→ SUPPLIED DATA:
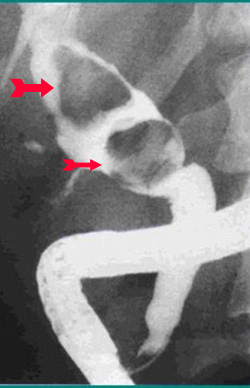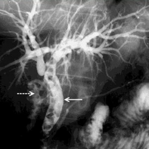 | תצלום 30.8: הדגמת אבנים בדרכי המרה ב- ERCP (חיצים מצביעים על אבנים בדרכי המרה, חץ מקווקו על אבנים בכיס המרה). | |
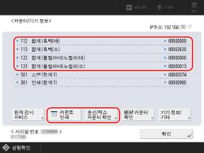 [송신/팩스 카운터 확인]을 눌러 스캔하고 송신한 페이지 수와 팩스로 송신한 페이지 수를 확인합니다.
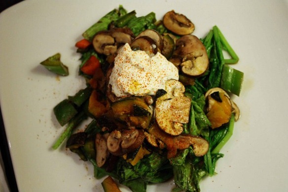 I probably would have been fine without anything else to eat, but Matt started in on half of our planned dinner. We were supposed to have whole wheat pasta with tofu, tomato, arugula, mushroom and eggplant.
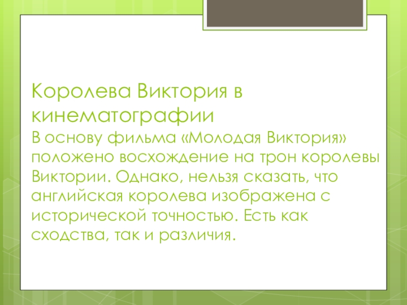 Презентация, доклад Королева Виктория в исторических хрониках и художественных фильмах
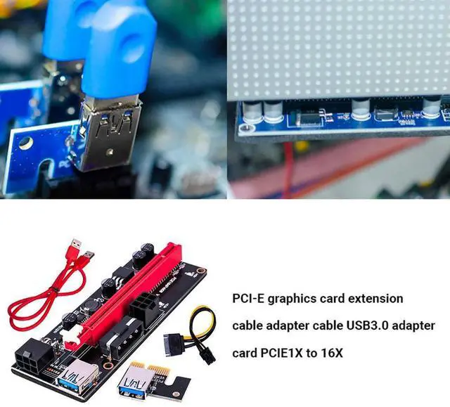 USB 3.0 PCIE Extension Cable Riser Express 16X Extender Riser Adapter Card 6 Pin Power Cable for Window System/XP
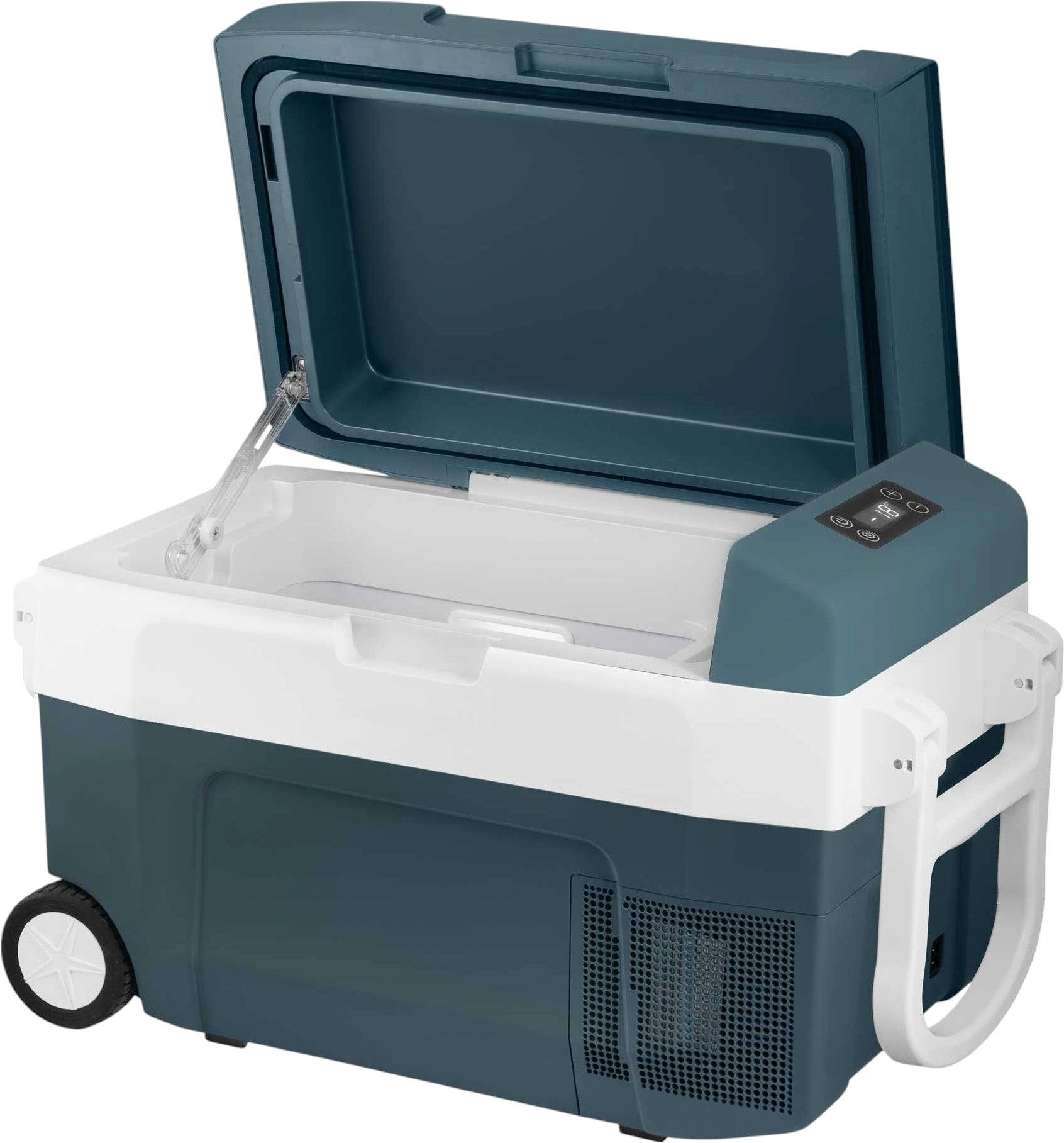 Потужний компресорний автомобільний холодильник об'ємом 35 літрів, який охолоджує, заморожує та нагріває. Для вечірок на свіжому повітрі, в дорозі, далеко від цивілізації... існує безліч ситуацій, коли потрібно перевозити напої та їжу, зберігаючи їх при потрібній температурі. І цей великий компресорний автомобільний холодильник може вмістити багато смаколиків. Він пропонує дві окремі камери під однією кришкою. Більшу морозильну камеру об'ємом 27 літрів та меншу чилерну камеру об'ємом 8 літрів.
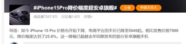 近日,#iPhone15Pro降价幅度超安卓旗舰#话题引爆微博热搜,引发网友热议。
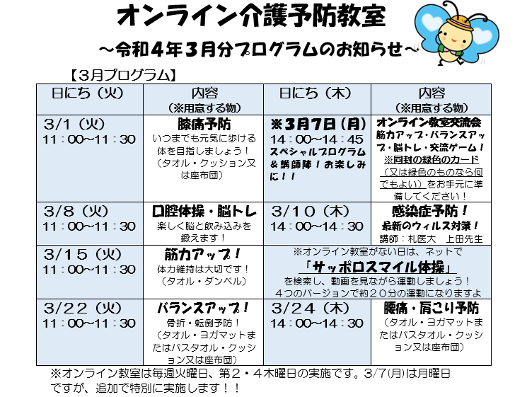 オンライン介護予防教室3月分プログラムのお知らせ!!
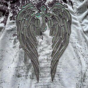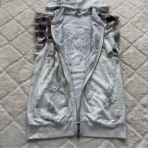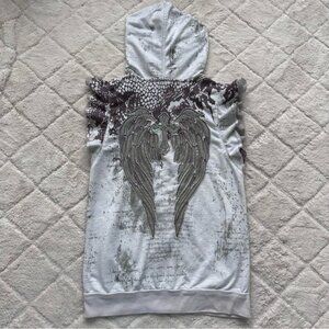 Miss Me | Bling Angel Wings Front Zip Sleeveless Hoodie | Size Medium
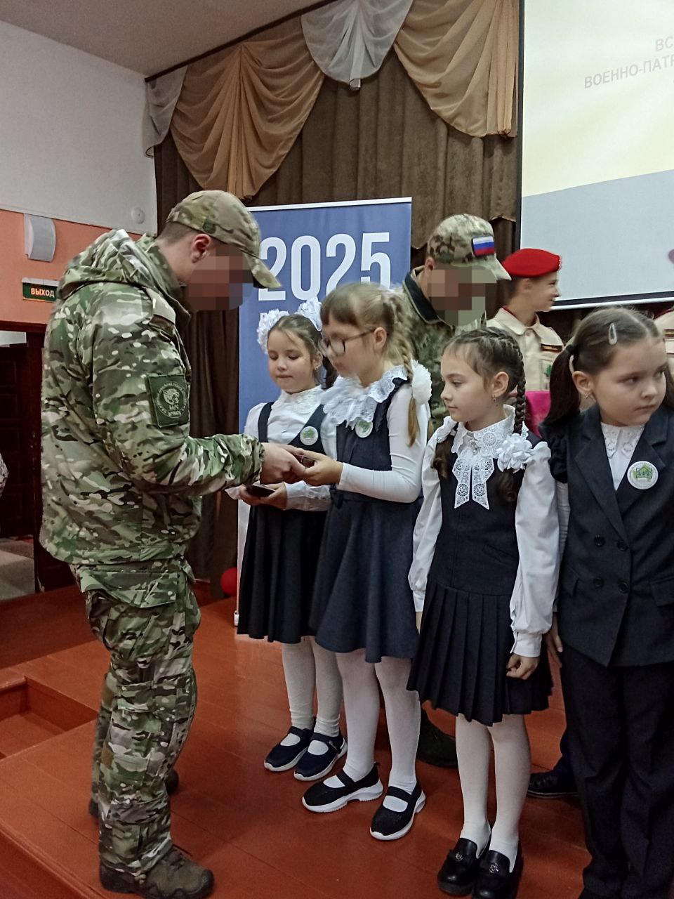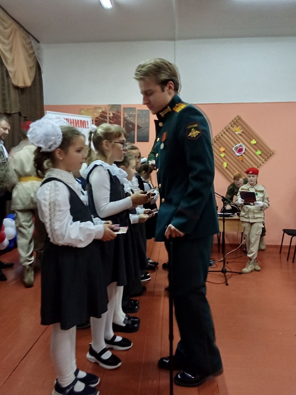 50 обучающимся вручены значки юнармейца, книжки. Ребята торжественно зачитали клятву юнармейца и исполнили гимн ЮНАРМИИ.
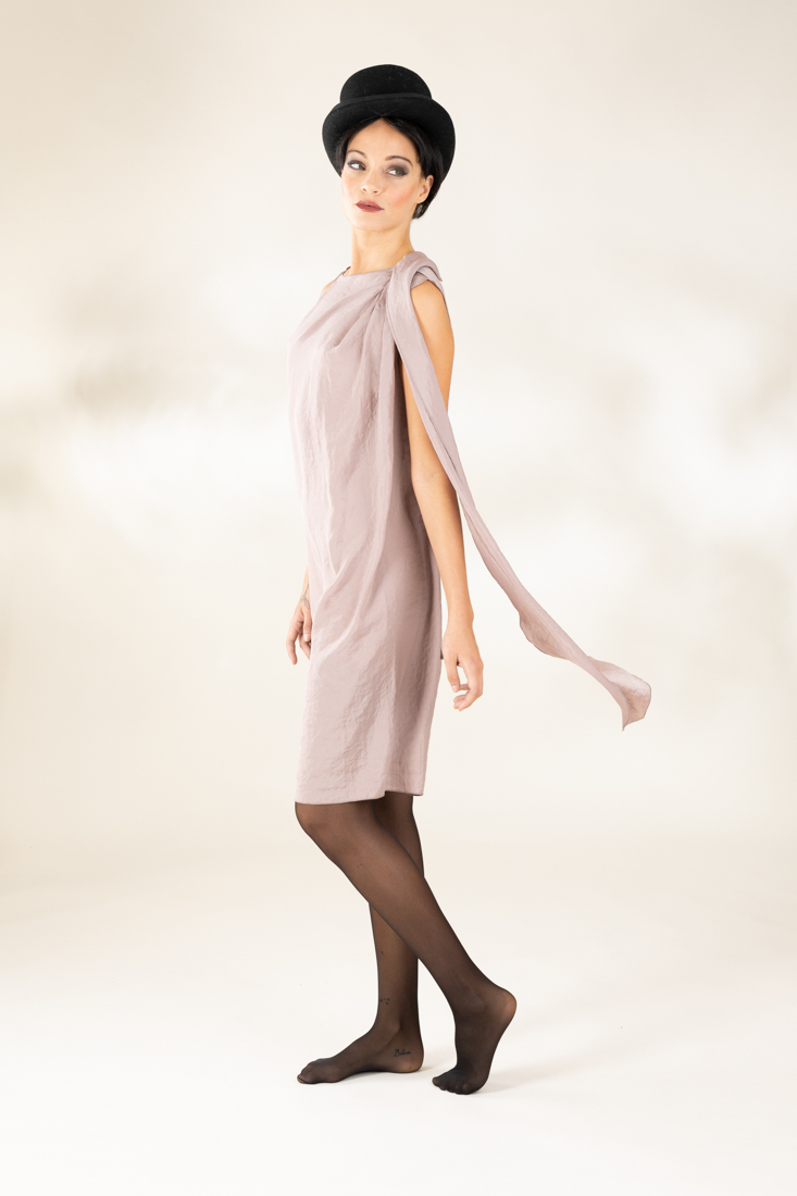 Draped with a versatile collar that lets you wear it long and loose or wrapped around the neck
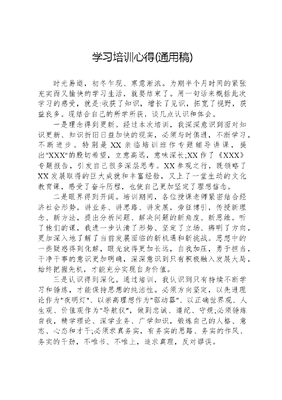 学习培训心得(通用稿)时光易逝,初冬乍现、寒意渐浓。为期半个月时间的紧张充实而又愉快的学习生活,就要结束了。用一句话来概括此次学习的感受,就是:收获了知识,增长了见识,拓宽了视野,获益良多。现结合自己的所学所获,谈几点认识和体会。一是理念得到更新。经过本次培训,我深深意识到面对知识更新、知识折旧日益加快的现实,必须与时俱进,不断学习,不断进步。特别是XX亲临培训班作专题辅导讲课,提出"XXX"的殷切希望,立意高远,意味深长;XX作了《XXX》专题报告,引发自己很多深层思考。XX参观之行,既领略了XX发展取得的巨大成就和丰富经验,又上了一堂生动的文化教育课,感受了奋斗历程,也使自己更加坚定了理想信念。二是眼界得到开阔。培训期间,各位授课老师紧密结合经济社会形势,讲业务、讲思路、讲发展,旁征博引,传授新理念、新方法,提出分析问题、解决问题的新角度、新思维。听了他们的课,我进一步认清了形势、坚定了立场、辨明了方向,更加深入地了解了当前发展面临的新机遇和新挑战。思想中的一些疑惑得到化解,眼光放得更加长远,自我加压,勇于担当,干净干事的意识更加明确,深深意识到只有积极融入发展大局,始终把握先机,才能充分实现自身价值。三是认识得到深化。通过培训,我认识到只有持续不断学习和锤炼,才能保持思想的纯洁性。必须方向坚定,以先进理论作为"夜明灯"、以崇高理想作为"驱动器"、以正确世界观、人生观、价值观作为"导航仪",做到忠诚、遵纪、守规;必须锤炼自我,精学理论、深学业务、广学知识,锻炼自己的人格、意志、心态和才干;必须求真务实,有务实的思路、务实的作风、务实的干劲,不唯书、不唯上,追求真理,反对谬误。总之,通过参加这次学习培训,让我坚定了信念,看到了差距,找到了不足,从中也感悟到了只有不断学习、不断进步,才能更好的履职担当。回到单位后,我将继续把学习作为推动工作的内生动力,坚持自我学习,自我提升,用孜孜不倦的学习不断提升能力素质,用踏踏实实的工作成效检验学习效果。

→ AIM OF THE EXERCISE:
Type out all of the records exactly, leaving out any picture.

→ EXERCISE RESULT:
 | תצלום 30.8: הדגמת אבנים בדרכי המרה ב- ERCP (חיצים מצביעים על אבנים בדרכי המרה, חץ מקווקו על אבנים בכיס המרה). | |
 [송신/팩스 카운터 확인]을 눌러 스캔하고 송신한 페이지 수와 팩스로 송신한 페이지 수를 확인합니다.
 I probably would have been fine without anything else to eat, but Matt started in on half of our planned dinner. We were supposed to have whole wheat pasta with tofu, tomato, arugula, mushroom and eggplant.
 Презентация, доклад Королева Виктория в исторических хрониках и художественных фильмах
 USB 3.0 PCIE Extension Cable Riser Express 16X Extender Riser Adapter Card 6 Pin Power Cable for Window System/XP
 Потужний компресорний автомобільний холодильник об'ємом 35 літрів, який охолоджує, заморожує та нагріває. Для вечірок на свіжому повітрі, в дорозі, далеко від цивілізації... існує безліч ситуацій, коли потрібно перевозити напої та їжу, зберігаючи їх при потрібній температурі. І цей великий компресорний автомобільний холодильник може вмістити багато смаколиків. Він пропонує дві окремі камери під однією кришкою. Більшу морозильну камеру об'ємом 27 літрів та меншу чилерну камеру об'ємом 8 літрів.
 近日,#iPhone15Pro降价幅度超安卓旗舰#话题引爆微博热搜,引发网友热议。
 オンライン介護予防教室3月分プログラムのお知らせ!!
 Miss Me | Bling Angel Wings Front Zip Sleeveless Hoodie | Size Medium
 50 обучающимся вручены значки юнармейца, книжки. Ребята торжественно зачитали клятву юнармейца и исполнили гимн ЮНАРМИИ.
 Draped with a versatile collar that lets you wear it long and loose or wrapped around the neck
 学习培训心得(通用稿)时光易逝,初冬乍现、寒意渐浓。为期半个月时间的紧张充实而又愉快的学习生活,就要结束了。用一句话来概括此次学习的感受,就是:收获了知识,增长了见识,拓宽了视野,获益良多。现结合自己的所学所获,谈几点认识和体会。一是理念得到更新。经过本次培训,我深深意识到面对知识更新、知识折旧日益加快的现实,必须与时俱进,不断学习,不断进步。特别是XX亲临培训班作专题辅导讲课,提出"XXX"的殷切希望,立意高远,意味深长;XX作了《XXX》专题报告,引发自己很多深层思考。XX参观之行,既领略了XX发展取得的巨大成就和丰富经验,又上了一堂生动的文化教育课,感受了奋斗历程,也使自己更加坚定了理想信念。二是眼界得到开阔。培训期间,各位授课老师紧密结合经济社会形势,讲业务、讲思路、讲发展,旁征博引,传授新理念、新方法,提出分析问题、解决问题的新角度、新思维。听了他们的课,我进一步认清了形势、坚定了立场、辨明了方向,更加深入地了解了当前发展面临的新机遇和新挑战。思想中的一些疑惑得到化解,眼光放得更加长远,自我加压,勇于担当,干净干事的意识更加明确,深深意识到只有积极融入发展大局,始终把握先机,才能充分实现自身价值。三是认识得到深化。通过培训,我认识到只有持续不断学习和锤炼,才能保持思想的纯洁性。必须方向坚定,以先进理论作为"夜明灯"、以崇高理想作为"驱动器"、以正确世界观、人生观、价值观作为"导航仪",做到忠诚、遵纪、守规;必须锤炼自我,精学理论、深学业务、广学知识,锻炼自己的人格、意志、心态和才干;必须求真务实,有务实的思路、务实的作风、务实的干劲,不唯书、不唯上,追求真理,反对谬误。总之,通过参加这次学习培训,让我坚定了信念,看到了差距,找到了不足,从中也感悟到了只有不断学习、不断进步,才能更好的履职担当。回到单位后,我将继续把学习作为推动工作的内生动力,坚持自我学习,自我提升,用孜孜不倦的学习不断提升能力素质,用踏踏实实的工作成效检验学习效果。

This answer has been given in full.